• ASSIGNMENT: Nothing but the pictures should be dropped; repeat the rest of the data below exactly.

• RECORDED INFORMATION:
----------
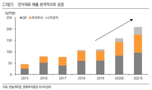 이 연구원은 "한화케미칼의 3분기 실적으로 매출액 1574억원, 영업이익 452억원을 전망한다"며 "프리커서, 퀀텀닷 소재와 같은 전자재료 매출액이 전분기 대비 18.6% 증가할 것으로 예상된다는 점이 긍정적"이라고 말했다.
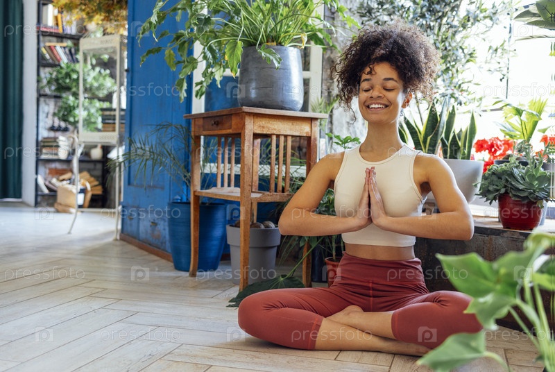 Афроамериканская этническая женщина в спортивной одежде сидит в позе йоги
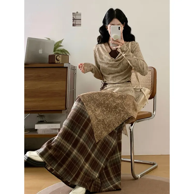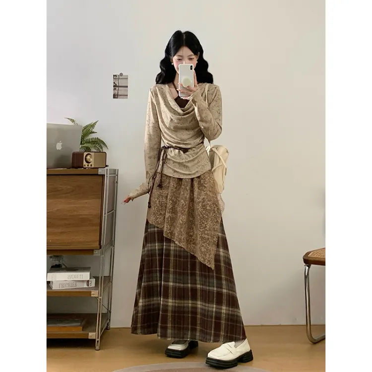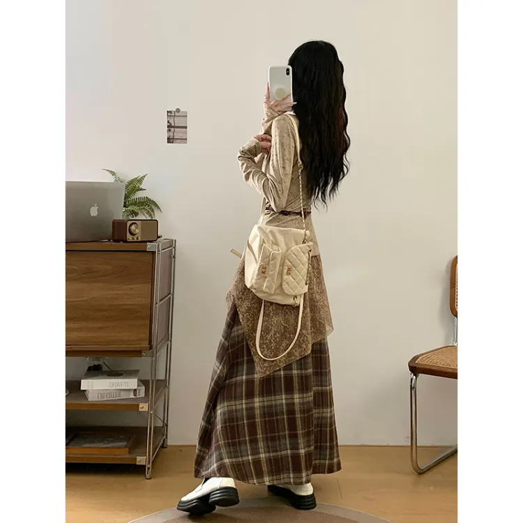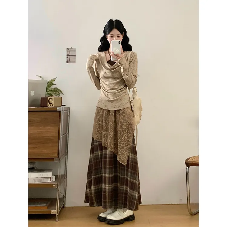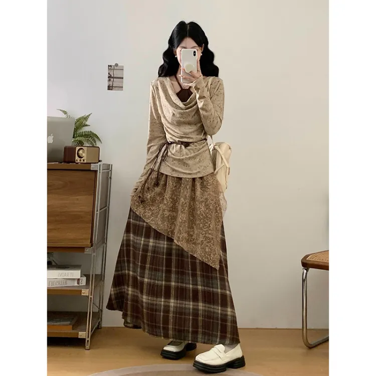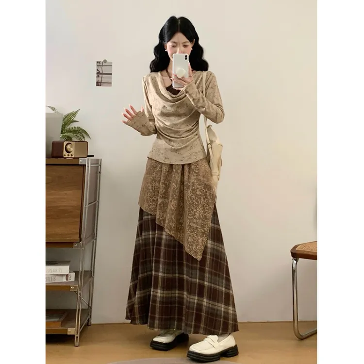 Светлый хаки топ + кофейная юбка в клетку
----------
• EXERCISE RESPONSE:
 이 연구원은 "한화케미칼의 3분기 실적으로 매출액 1574억원, 영업이익 452억원을 전망한다"며 "프리커서, 퀀텀닷 소재와 같은 전자재료 매출액이 전분기 대비 18.6% 증가할 것으로 예상된다는 점이 긍정적"이라고 말했다.
 Афроамериканская этническая женщина в спортивной одежде сидит в позе йоги
 Светлый хаки топ + кофейная юбка в клетку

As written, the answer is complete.